A Gloomy Day

Beech Tree on Gloomy Day

A lone Beech tree with yellow leaves in a forest on a gloomy early spring day.

It’s been a bit gloomy here in Virginia for the last few weeks. Not that unusual for late winter/early spring, but not all that great for the soul. Lack of sunlight can start to really wear you down after a while.

It’s especially frustrating when you have new camera gear to test! After several months of anticipation, by new Fujifilm GFX 50s camera arrived and I took it out with me on a short hike through a wooded park near my home. I was hoping to find some early Bradford Pear or other colorful budding trees, but the only color in this particular stretch of woods came from Beech trees which hold on to their leaves through the winter.
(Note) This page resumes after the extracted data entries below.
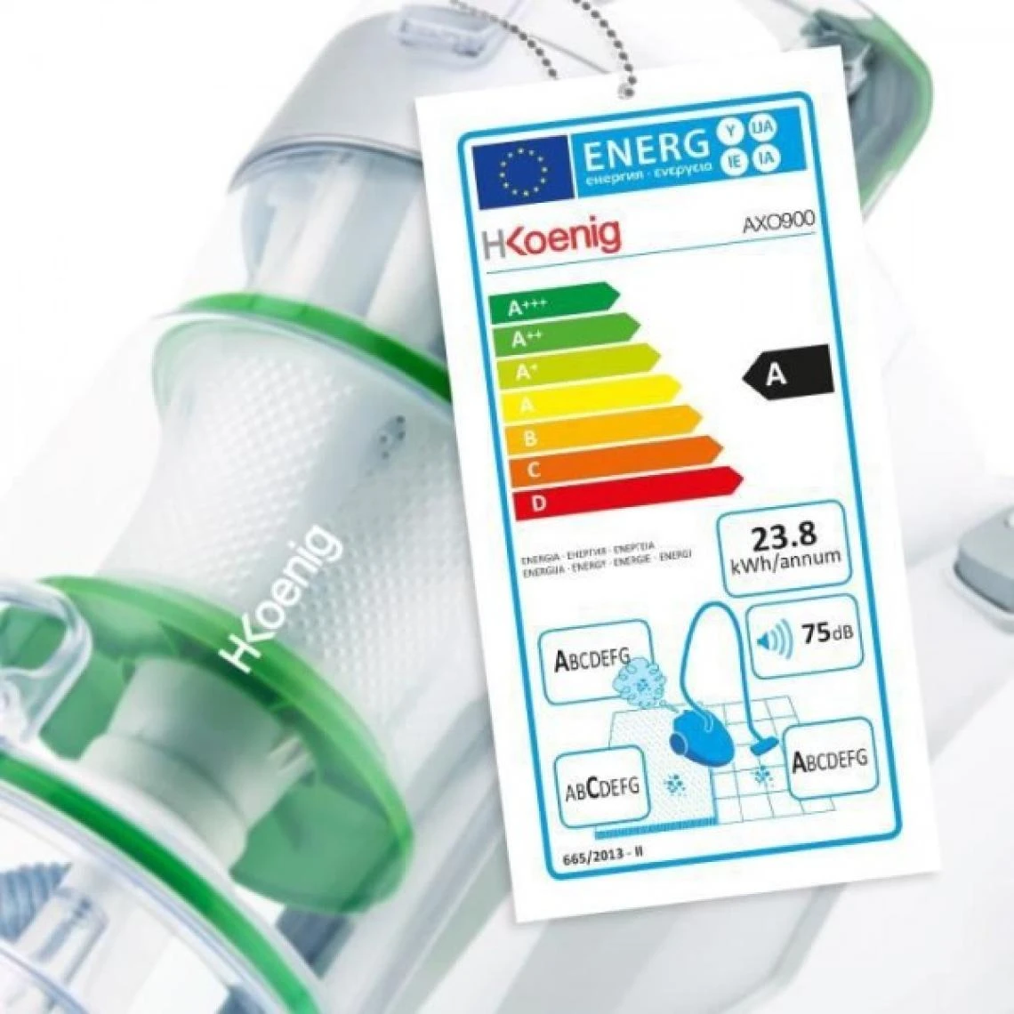 L’aspirateur sans sac AXO900 H.Koenig est classĂ© Triple A par les nouvelles normes Ă©nergĂ©tiques : A : Classe d’efficacitĂ© Ă©nergĂ©tique A : QualitĂ© de filtration A : EfficacitĂ© d’aspiration sur sols durs Grâce a sa technologie silencieuse, le AXO900 se fera tres discret. Sa puissance d’aspiration, son filtre HEPA H12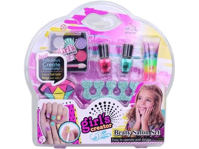 Kosmetická sada s nehtovým studiem. Sada obsahuje 2 laky na nehty, nálepky na nehty, podpěru prstů, soupravu k malování tváře, lesk na rty. Velikost balení 29 x 26,5 x 3,4 cm. Vhodné pro děti od 5 let.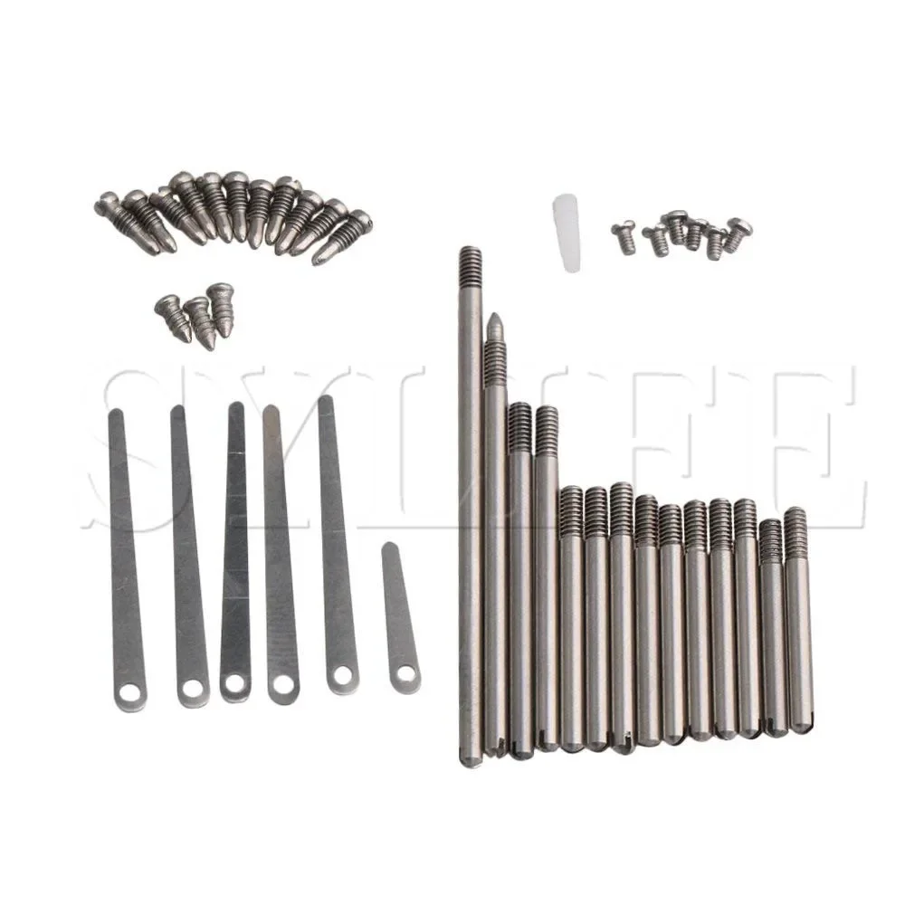 - Supplies six spring leaf screws designed with a sleek, flat profile for optimal spring tension and instrument response enhancement.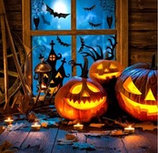 柄:コウモリ、蜘蛛、蜘蛛の網、お城、黒い木。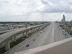 From the western suburb of Katy to downtown, I-10 is known as the Katy Freeway in Houston. This section was widened in 2008 to as many as 26 total lanes, counting the six lanes of the access (frontage/feeder) road, which feature traffic signals, and driveway access and are not limited-access and therefore not technically part of the freeway itself but are directly adjacent.[9] Between the West Beltway and the West Loop, the Katy Freeway features a basic configuration of 14 lanes, featuring seven lanes each direction. This cross-section swells with auxiliary lanes, ramp lanes, and the inclusion of the frontage access roads, although those lanes are controlled by traffic signals. Including auxiliary lanes, ramp lanes, and the access frontage roads, the minimum lane count is 22 total lanes. In this section, the width is 24 lanes at multiple locations and up to 26 lanes east of Gessner Road (12 main lanes, eight lanes of access roads, and six mid-freeway HOT/HOV lanes). From the Fort Bend County line to I-610, there is a minimum of four main lanes in each direction.[10] The maximum number of undivided lanes at any point on the freeway is nine in the eastbound direction approaching Antoine Drive (though this includes one exit-only lane); this is one of the widest sections of undivided highway in a single direction in the world.[11] The widest right-of-way, 556 ft (169 m), occurs at the Katy Freeway's intersection with Bunker Hill;[12] at that point, the expansion plans called for six main lanes plus two toll lanes in each direction along with 10 lanes on the feeder/frontage roads. While this section still features 14 through continuous lanes through the Bunker Hill interchange, when auxiliary lanes, ramp lanes, and the frontage access roads are included, the actual striping after construction delineates 29 lanes, including all 26 of the planned lanes plus an additional lane in each direction to enter or exit the toll lanes and one more turn lane on the eastbound feeder road.[13] Between Texas State Highway 6 and Interstate 610, I-10 HOV/HOT lanes are known as Katy Managed Lanes, or simply known as Katy Tollway.

The aspect I like best about the Fuji camera (and this is really the reason I bought it in the first place) is that it can function in a way that almost forces me to slow down and be more contemplative in my approach to photography. I found that by removing the optional digital view finder, the camera functions more like a 4×5 field camera when¬†using the pivoting LCD monitor on the back to compose and focus.

For this image, I hunted around to find a composition that would have a single Beech tree surrounded by otherwise leaf-less trees. I knew the pale-yellow leaves would add a nice contrast against the dark trees in the background and the overcast sky. Once the tree was identified, I walked around to find just the right viewpoint, balancing the placement of the Beech tree with the foreground and background tree trunks.

This scene, being very low in contrast, didn’t really give me any sense of the limitations of this new camera, so I’m still “kicking the tires” on it, so to speak. I have a trip to Arizona coming up soon, however, and I’m sure I’ll have more than enough chances to see how well this camera stacks up to my Nikons.

“Beech Tree on Gloomy Day” was taken with a Fujifilm GFX 50s medium-format digital camera and a Fuji 63mm f/2.8 lens. The exposure was 6/10ths of a second @ f/32, ISO 100.